The total loss serves as the combined objective that the PPO algorithm minimizes during training. It integrates several components so that both the policy network and the value network are improved simultaneously. Here’s what it does:

  • Guides Policy Improvements:
  • The policy loss (using the probability ratio and advantage) encourages the network to favor actions that perform better than expected.

  • Enhances Value Predictions:
  • The value loss minimizes the error between the network’s predicted state values and the actual returns, helping the critic become more accurate.

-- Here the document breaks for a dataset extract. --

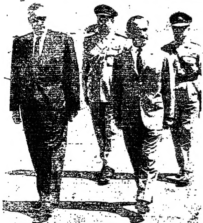
جلالة الحسين والرئيس عبد الناصر يستعرضان حرس الشرف في مطار القاهرة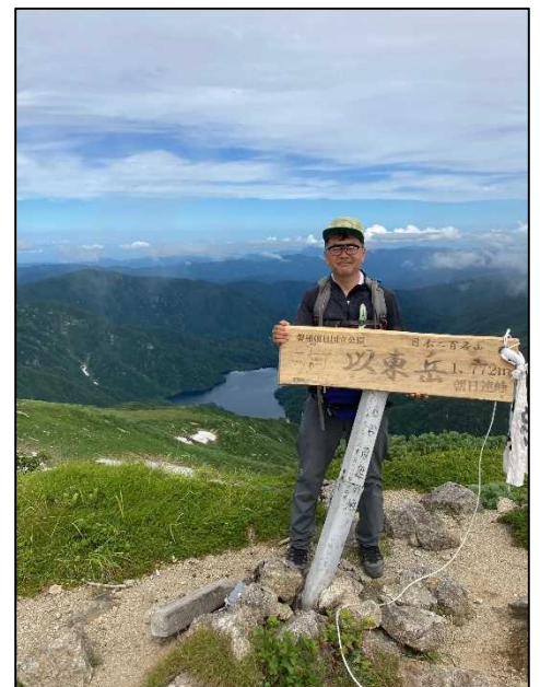
前任地の合同パトロールにて

これから白神山地のフィールドを歩き、地域の関係者の皆さんと触れあわせていただきながら、豊かな白神山地生態系の保全管理の一端を担っていく所存ですので、どうぞよろしく願いいたします。

  • Maintains Exploration:
  • The entropy bonus rewards the network for maintaining some randomness, which prevents the policy from becoming overly deterministic too quickly.

  • Balances All Components:
  • The coefficients (for value loss and entropy bonus) control the relative importance of each component in the overall loss.

  • Learning Rate & KL Divergence:
    1. The learning rate (η) determines how large the update steps are during gradient descent. PPO uses a KL Adaptive Learning Rate Scheduler, which monitors the KL divergence—a measure of how much the new policy differs from the old one.

    2. KL Divergence:
    3. This is a statistical measure of the difference between two probability distributions. In PPO, a low KL divergence means the new policy remains close to the old policy, while a high KL divergence indicates a significant change.

    4. Integration with Learning Rate:
    5. If the KL divergence exceeds a preset threshold, the learning rate is reduced to prevent overly large updates, ensuring that the policy changes gradually. Conversely, if the KL divergence is much lower than the target, the learning rate may be increased to allow for faster learning.

By minimizing this total loss (using gradient descent) and adjusting the learning rate based on KL divergence, the PPO algorithm updates the network parameters to both maximize rewards (via the policy network) and accurately estimate future returns (via the value network), all while ensuring stable and gradual policy improvements.